Today, a slightly worse sentiment weighed on the dollar and helped the yen and Swiss franc. A surplus in the eurozone’s current account surprised positively in September thanks to a significant increase in exports. The zloty saw little change as earnings data is due to be released later today.
The most important macro data (CET - Central European Time). Surveys of macro data are based on the information from Bloomberg unless noted otherwise.
- 2:30 p.m.: Average monthly earnings in the Polish corporate sector in October (estimate: +6.5% year-on-year),
- 2:30 p.m.: Employment growth in the Polish corporate sector in October (estimate: +4.5% year-on-year).
EUR/USD still revolving around 1.18
Yesterday evening, the US House of Representatives passed the tax bill project, which includes corporate tax cuts next year. That’s a step closer to implementing historic tax changes, however, the Senate needs to pass the bill as well (the vote will probably be held after Thanksgiving next week.)
Republicans need 50 out of 52 votes in order for the bill to pass in the Senate (the Congress needs to then merge it with the House bill and the package would be then sent to the US President). Ron Johnson, a Republican Senator from Wisconsin, opposed the project firmly, stating that it favours corporations over smaller entities. However, after a Wednesday night phone call with Donald Trump, he said he wanted to “vote for it” and was “optimistic that his concerns could be addressed.”

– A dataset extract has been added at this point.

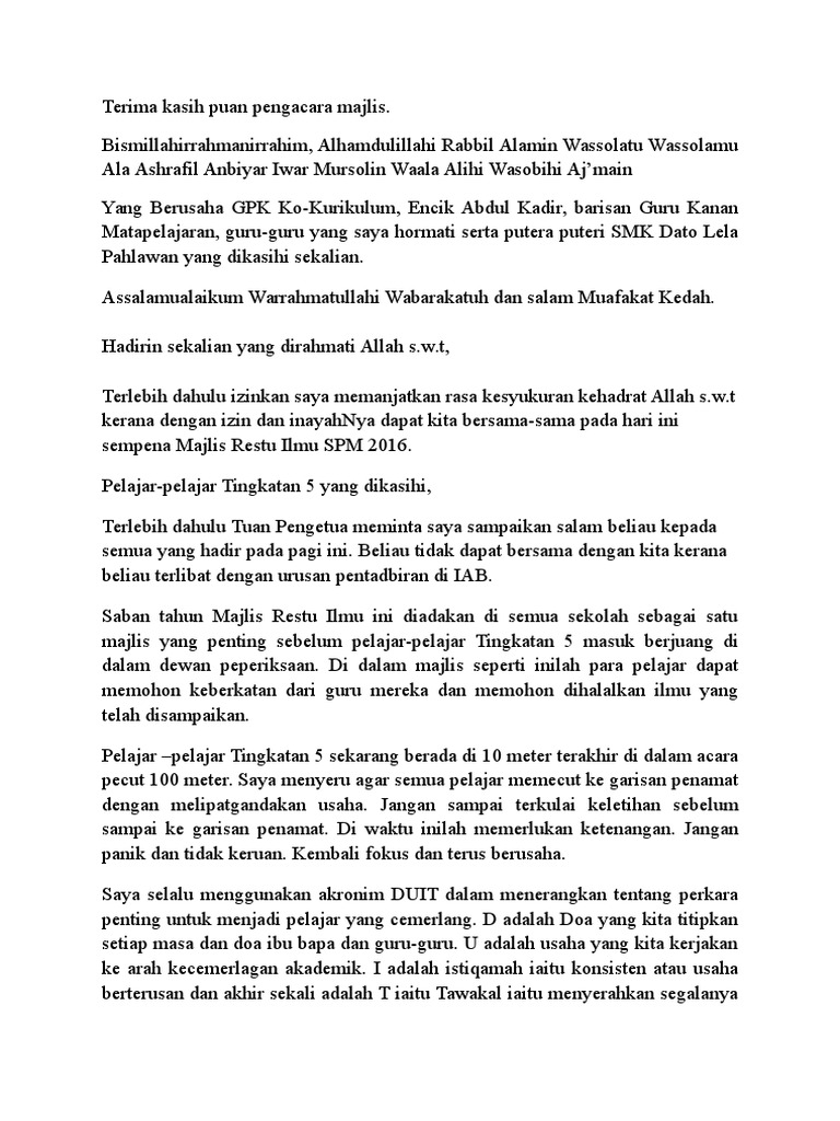 Teks Ucapan Wakil Pelajar Sempena Majlis Anugerah Cemerlang / Teks ucapan ketua pelajar sempena hari guru.. Ucapan wakil murid sempena majlis perpisahan soto mbah slamet. For more information and source, see on this link : Hadiah daripada wakil badan pengawas smk bukit besar 2011. Teks ucapan wakil pelajar sempena majlis anugerah cemerlang. Ucapan ketua murid jamuan thun 6.

Recurring problems with tax reform introductions have been increasing the level of uncertainty, which has also been reflecting on the dollar. Although after yesterday’s vote in the House, the market sentiment was visibly better. As the US main indices finished the day approx. 1% higher and the euro stayed below 1.18 USD, the Asian session brought another wave of the dollar’s weakness.
The sentiment in the market at the start of the European session was slightly worse and a higher risk aversion could be observed. The main European indices fell below yesterday’s levels and assets like the Swiss franc, the yen and gold, known as “safe havens”, gained in value. The dollar was also lower in relation to other major currencies – the EUR/USD pair was once again up to approx. 1.18. The dollar index (DXY) was down approx. 0.3% to 93.5 points.

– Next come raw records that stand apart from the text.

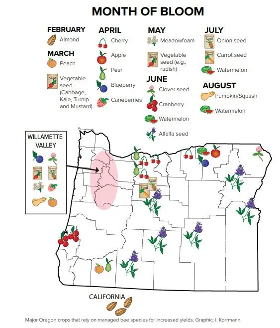 Oregon beekeepers play a direct role in ensuring pollinators remain a dynamic part of Oregon’s unique specialty crop sector. The honey bee is the most recognizable bee species in the state, and our state’s 80,000 colonies produce an abundance of products such as honey, wax, propolis, and pollen. Moreover, our beekeepers are uniquely invested in the success of crops grown in the state, with over 75% of their income coming from rental fees paid by growers from over a dozen different crops. These rentals are strongly connected with the competitiveness of some of the state’s most delicious crops, including Columbia Gorge cherries and pears, Hermiston watermelons, Willamette Valley blueberries and caneberries, and south coast cranberries. Honey bees also play a key role in boosting yields of seed crops, notably Willamette Valley vegetable and clover seed, and central Oregon hybrid carrot and onion seed. The seeds from these crops are planted throughout the US and worldwide.
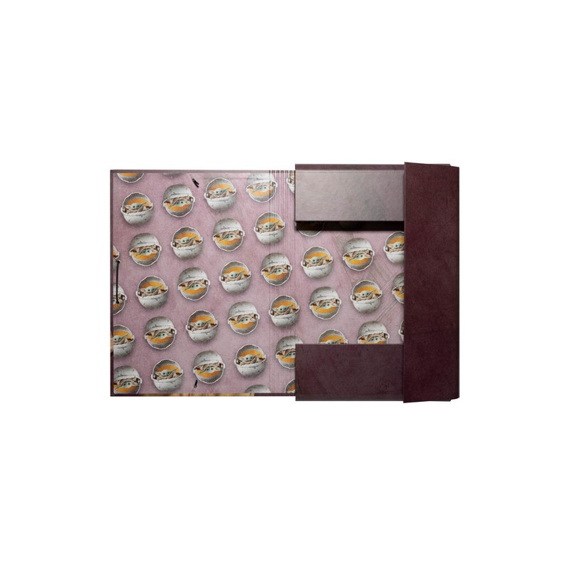 Chemise de rangement dotée de rabats élastiques, d'une couverture en carton de 2 mm d'épaisseur et de rabats internes flexibles.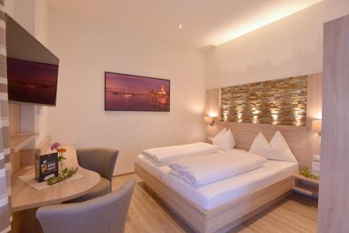 Die schallisolierten Zimmer im familiengeführten Hotel Schöngarten Garni sind modern eingerichtet. Jedes Zimmer ist mit Kabel-TV und einem modern gestalteten Bad ausgestattet.

The European Central Bank (ECB) published September’s current account data for the eurozone at 10 a.m. A surplus of 37.8 billion euro came in significantly above market expectations (7.5 billion euro lower); it was also the third consecutive month in which the surplus grew. The increase was mostly due to the higher export of goods – it exceeded the August export by 6.4 billion euro.
The current account data usually didn’t have any significant impact on the euro. However, taking into account the relatively weak dollar and a reading markedly above the median of expectations, it could support the euro area’s currency and help the EUR/USD pair stay around the 1.18 level. The calendar of planned publications later for the day is nearly empty, so the volatility in the currency market will probably be limited. However, should the market sentiment improve, we could observe a gradual weaker franc and jen, which could also help the dollar move slightly higher.
Zloty was stable
Despite a slightly worse sentiment today, the Polish currency changed very little. The EUR/PLN pair was close to 4.24, only marginally above yesterday’s level, and the PLN/HUF remained unchanged. On the other hand, the CHF/PLN set new record lows (prior lows were mid-January 2015 in early trade) however, rebounded to 3.63 in later hours due to a globally stronger Swiss franc.
The Polish Central Statistical Office will publish earnings and employment data from the corporate sector in October at 2 p.m. The average monthly earnings probably increased by approx. 6% year-on-year for the third month in a row and employment will probably see an increase in the range of 4.5% - 4.6% (the median of market expectations points toward a 6.5% growth in earnings and 4.5% in employment).
The data will likely have only a limited impact on the zloty. An increase in earnings exceeding 6.6% (above August’s 5.5-year record) could suggest a higher pressure on inflation and, in effect, might strengthen the zloty.